Continuous thoracic paravertebral block: An adjunct to general anaesthesia in major breast surgeryFootnote

Pages 83-87 | Received 08 Mar 2011, Accepted 14 Mar 2011, Published online: 17 May 2019

Abstract

Background

Thoracic paravertebral block (TPVB) is an effective intraoperative and postoperative technique for surgical anaesthesia and analgesia for breast surgery. It offers a long-lasting effective analgesia without increases in side effects, with a significant decrease in anaesthetic and analgesic consumption, and with a high degree of patient satisfaction and shorter recovery time. In this study, TPVB was done by using a nerve stimulator to measure the depth of needle insertion by eliciting intercostal muscle contraction, and a catheter was introduced preoperatively to allow for repeated injections and to maintain analgesia postoperatively.

Methods

Two groups of patients undergoing unilateral cancer breast surgery (each 20 patients) were randomly assigned to the study; a study group (PVB) and a control (C) group. The study started by preoperative application of an epidural catheter by using the nerve stimulator at the fourth thoracic paravertebral space in the study group and injection of local anaesthetic started preoperatively. General anaesthesia was started for the two groups. Total intraoperative fentanyl and postoperative morphine consumption, and pain intensity at rest and with arm movement were recorded, together with recording of any undesirable side effects for 24 h.

Results

There were statistically highly significant decreases in intraoperative fentanyl consumption and postoperative morphine consumption in the PVB group than the C group. There were statistically significant decreases in the VAS in the PVB group than the C group both at rest and with shoulder movement. The incidence of adverse events was very low in both groups.

Conclusion

Continuous TPVB provides effective pain relief, significant opioid sparing, and also less painful restricted movement of the shoulder, with few side effects after breast cancer surgery. Thoracic paravertebral somatic nerve block may be an alternative to general anaesthesia for major unilateral breast surgery with heavy sedation or to be combined with light general anaesthesia.

1 Introduction

Thoracic paravertebral block (TPVB) is becoming increasingly popular, especially as an anaesthetic adjunct for breast surgery. The best anaesthetic technique for breast cancer surgery allows for good intraoperative and postoperative analgesia with early hospital discharge. Breast cancer surgery with axillary dissection is usually performed under general anaesthesia. TPVB is an effective intraoperative and postoperative technique for surgical anaesthesia and analgesia for breast surgery. It offers a long-lasting effective analgesia without increases in side effects, with a significant decrease in anaesthetic and analgesic consumption, and with a high degree of patient satisfaction and shorter recovery time [Citation1Citation4].

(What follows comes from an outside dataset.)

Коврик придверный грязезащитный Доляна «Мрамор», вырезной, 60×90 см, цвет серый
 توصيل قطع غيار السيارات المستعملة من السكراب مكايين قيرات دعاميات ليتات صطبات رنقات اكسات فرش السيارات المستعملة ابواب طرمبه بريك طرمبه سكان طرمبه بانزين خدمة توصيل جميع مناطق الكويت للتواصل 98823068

Thoracic paravertebral block (TPVB) is the technique of injecting local anaesthetic adjacent to the thoracic vertebra close to where the spinal nerves emerge from the intervertebral foramina. This results in ipsilateral somatic and sympathetic nerve blockade in multiple contiguous thoracic dermatomes above and below the site of injection [Citation2].

In this study, TPVB was done by using a nerve stimulator to measure the depth of needle insertion by eliciting intercostal muscle contraction, and a catheter was introduced preoperatively to allow for repeated injections and to maintain analgesia postoperatively. TPVB was evaluated for its intraoperative anaesthesia and analgesia and postoperative analgesic effect in patients undergoing breast cancer surgery with recording of the intraoperative and postoperative narcotic consumption and any untoward side effects.

2 Patients and methods

The study was obtained after our institutional review board, and after giving written, informed consent from the participating patients in this randomized, prospective, single-blinded study. Forty patients, classified as ASA physical status I–II, aged 18–60 years, were scheduled for unilateral breast surgery; either wide local excisions (at least one breast quadrant) with axillary dissection, or modified radical mastectomies.

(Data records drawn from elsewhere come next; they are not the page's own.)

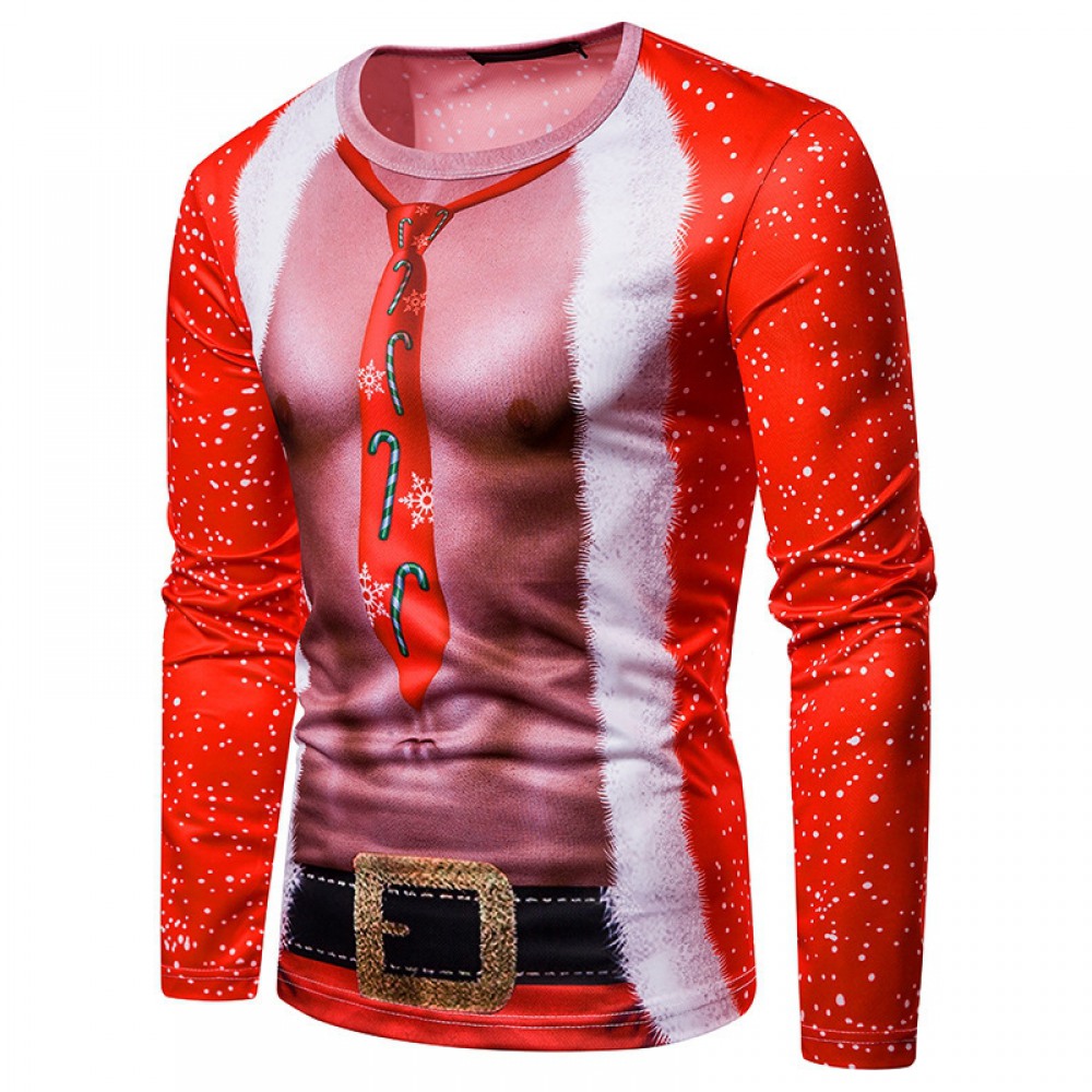 New 3D Personality Printing Fashion Men's Christmas Santa Pattern Long-Sleeved T-Shirt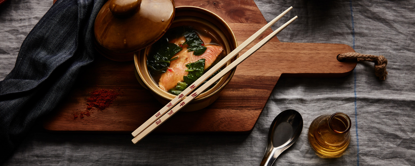 Fremgangsmåte hotpot med karri, rød chili, spinat og laks: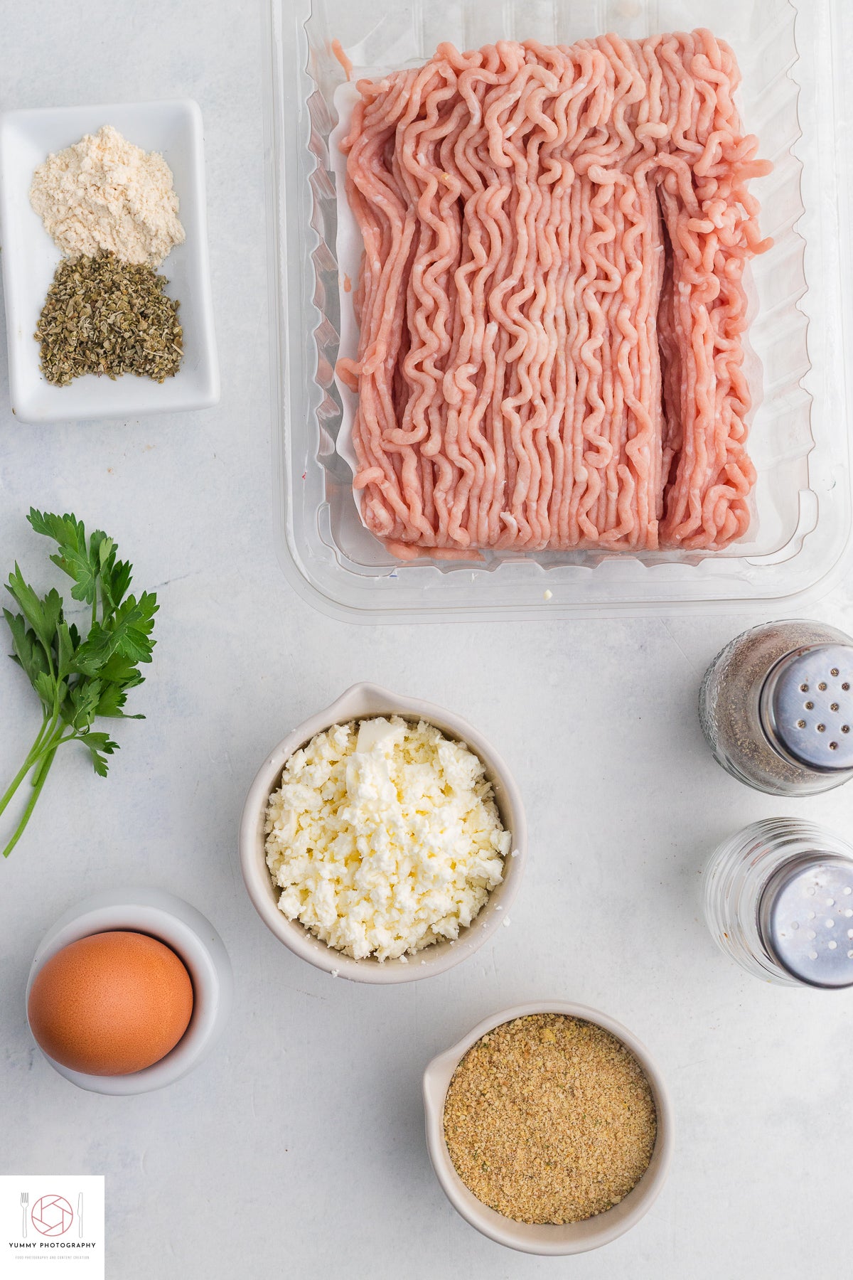 Main ingredients: Ground chicken, garlic powder, dried oregano, feta cheese, egg, breadcrumbs

Patients were randomly divided into two groups, paravertebral block group (PVB group) in which patients were candidates for general anaesthesia after thoracic paravertebral catheter application and local anaesthetic injection, and the control C group were candidates for general anaesthesia. Patient exclusion criteria included patient refusal, coagulopathy, infection at the site of block placement, chest deformity, obstructive or restrictive lung disease, morbid obesity (twice the ideal body weight or >130 kg), and sensitivity to local anaesthetics.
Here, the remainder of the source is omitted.